But while Jones discredited the rationales offered for the distinction, Clement notes that Straub did not, instead finding a rational relationship between the definition of marriage in the act and the aims of Congress in enacting the law.
In defining marriage as exclusively between a man and a woman, Clement says, Congress is rationally pursuing the goals of providing a stable structure to raise unintended and unplanned offspring, encouraging the rearing of children by their biological parents and promoting childrearing by both a mother and a father.

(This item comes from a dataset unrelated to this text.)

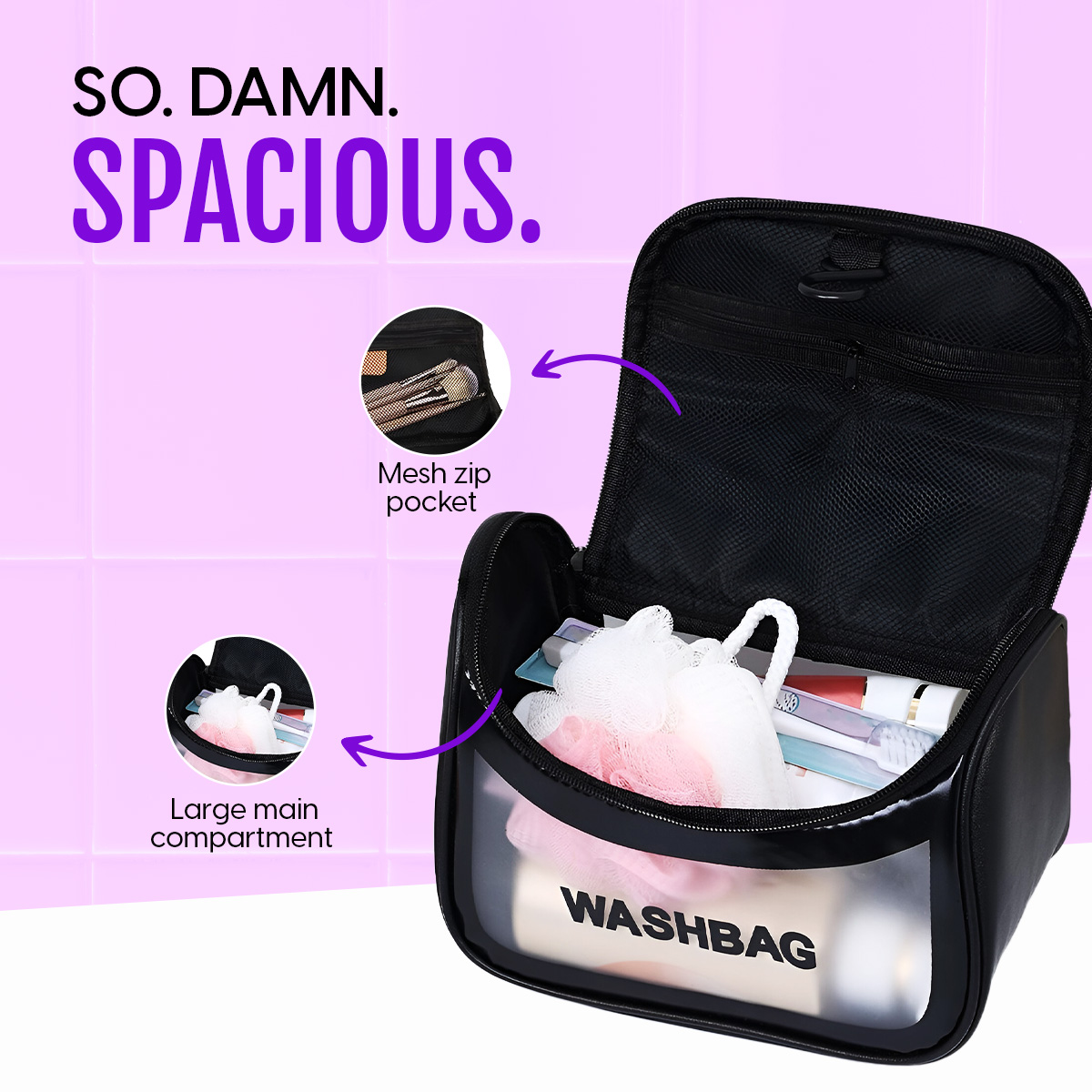 - SPACIOUS AND SECURE: Our toiletry bag consists of a spacious main compartment which can store your innerwear, cosmetics, shaving kit and much more. This wash bag makeup bag also features a mesh zip compartment. With a double zipper closure, our toiletry pouch keeps your items safe and secure.

He lauds Straub for saying that DOMA reflects "the understanding of marriage…throughout our nation's history" and that "if this understanding is to be changed…it is for the American people to do so."
Amicus Arguments
The procedural posture of the case is unique because, in the words of Clement, in February 2010, three months after Windsor filed suit in New York, "The Justice Department stops defending DOMA and starts attacking it."
BLAG voted 3-2 on party lines to step in and defend the statute.
The presence of the Obama administration on the side of Windsor and the entry of BLAG into the lawsuit prompted the Supreme Court to ask for opinions on two questions of jurisdiction from court-appointed amicus Vicki Jackson of Harvard Law School, who submitted a brief with Patricia Millett, Ruthanne Deutsch and Michael Small of Akin Gump Strauss Hauer & Feld.
On the first issue, Jackson concluded that BLAG lacks Article III standing "to defend the constitutionality of laws that do not concern its own specific prerogatives."
The interest here "in assuring that the law is enforced is a generalized one," Jackson states. "It is the Executive Branch, not Congress, that is obligated to 'take care' that laws are enforced."
"Moreover, any injury that might arise from nondefense of a law would be to the whole Congress, which one House cannot assert alone," she states.
On the second question posed by the court, Jackson states the Obama administration's "agreement with the courts below (and with Windsor) deprives this Court of jurisdiction, because the United States suffers no injury sufficient to invoke Article III jurisdiction."
Ten amici have filed briefs backing BLAG in its defense of the law.